(Task to carry out)
Print again, word for word, all of the records below, and leave the pictures out.
=== Section Start ===
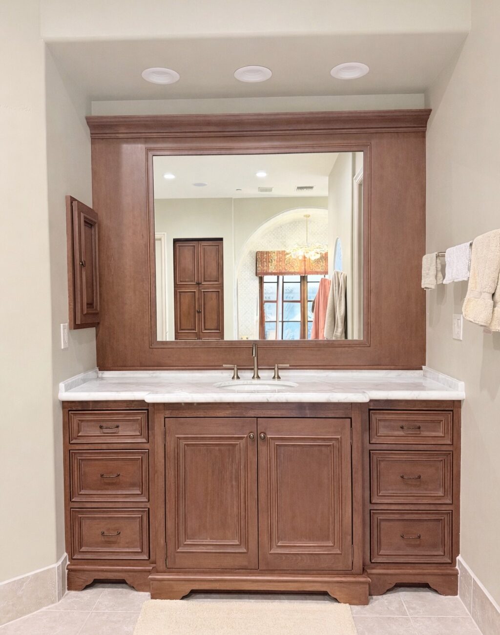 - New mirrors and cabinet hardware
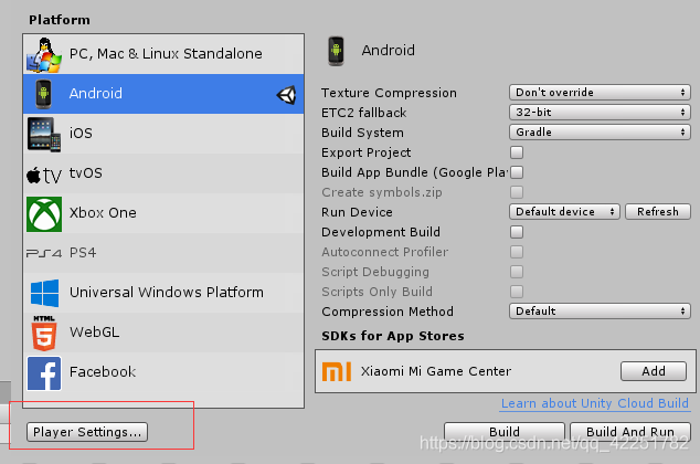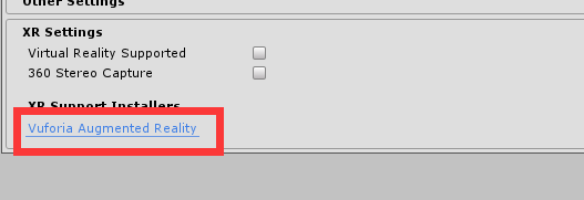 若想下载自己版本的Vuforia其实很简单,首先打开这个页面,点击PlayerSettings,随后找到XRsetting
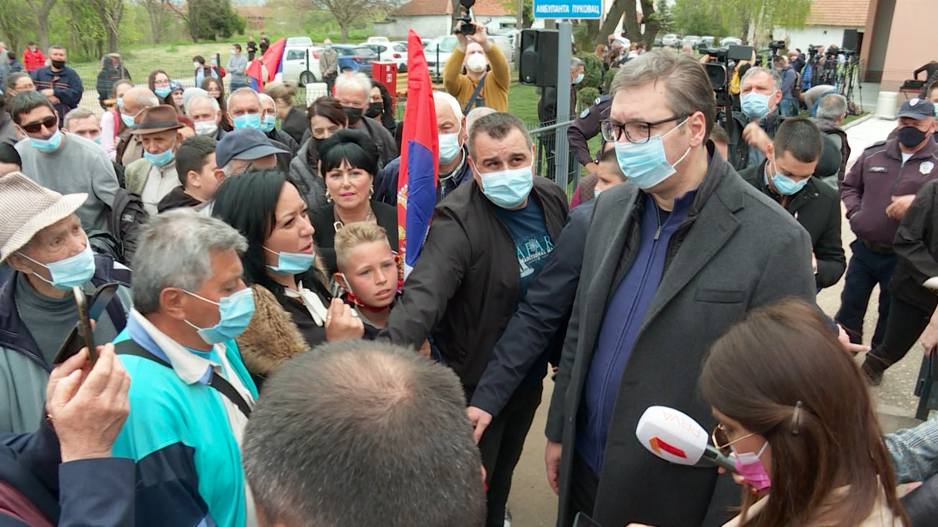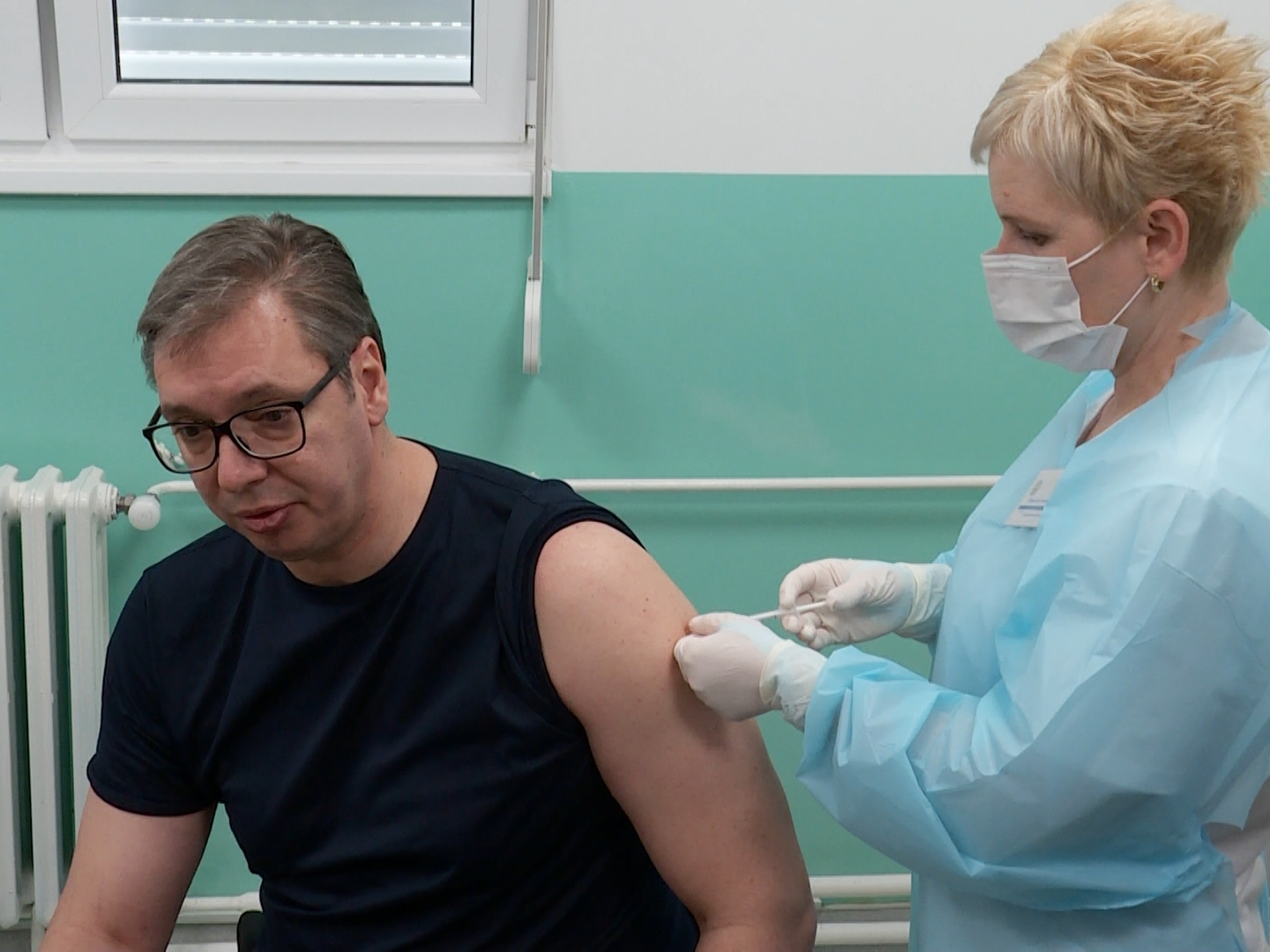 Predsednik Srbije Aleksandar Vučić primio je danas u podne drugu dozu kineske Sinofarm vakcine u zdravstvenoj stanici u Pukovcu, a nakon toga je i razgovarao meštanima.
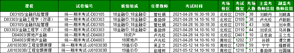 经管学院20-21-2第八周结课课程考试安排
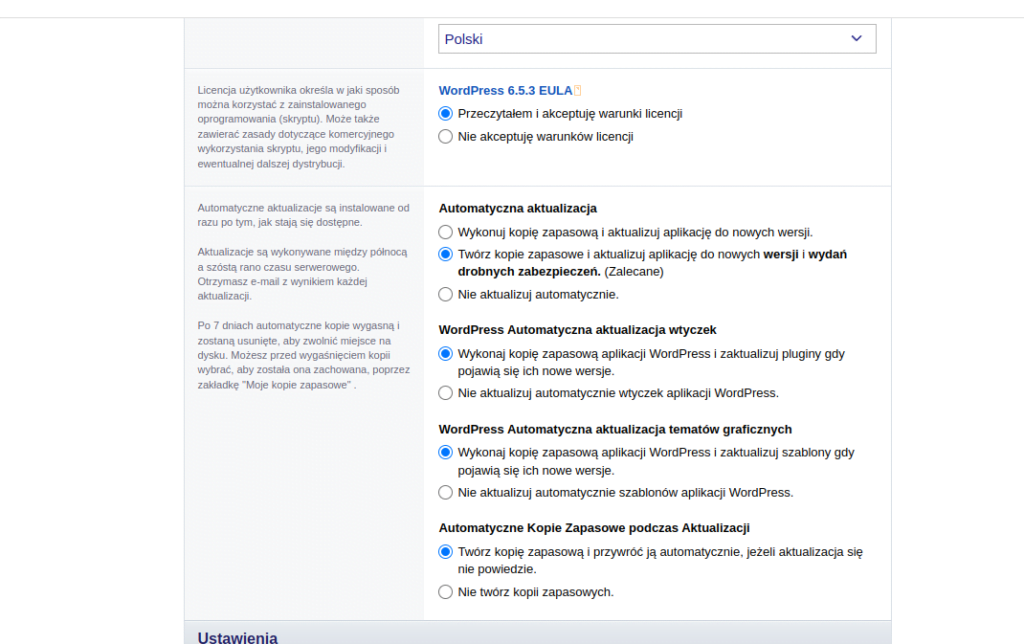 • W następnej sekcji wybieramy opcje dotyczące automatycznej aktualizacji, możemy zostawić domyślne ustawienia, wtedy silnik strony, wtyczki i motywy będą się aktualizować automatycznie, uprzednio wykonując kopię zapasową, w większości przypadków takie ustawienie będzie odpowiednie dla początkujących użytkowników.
=== Section End ===
(Result of this exercise)
 - New mirrors and cabinet hardware
 若想下载自己版本的Vuforia其实很简单,首先打开这个页面,点击PlayerSettings,随后找到XRsetting
 Predsednik Srbije Aleksandar Vučić primio je danas u podne drugu dozu kineske Sinofarm vakcine u zdravstvenoj stanici u Pukovcu, a nakon toga je i razgovarao meštanima.
 经管学院20-21-2第八周结课课程考试安排
 • W następnej sekcji wybieramy opcje dotyczące automatycznej aktualizacji, możemy zostawić domyślne ustawienia, wtedy silnik strony, wtyczki i motywy będą się aktualizować automatycznie, uprzednio wykonując kopię zapasową, w większości przypadków takie ustawienie będzie odpowiednie dla początkujących użytkowników.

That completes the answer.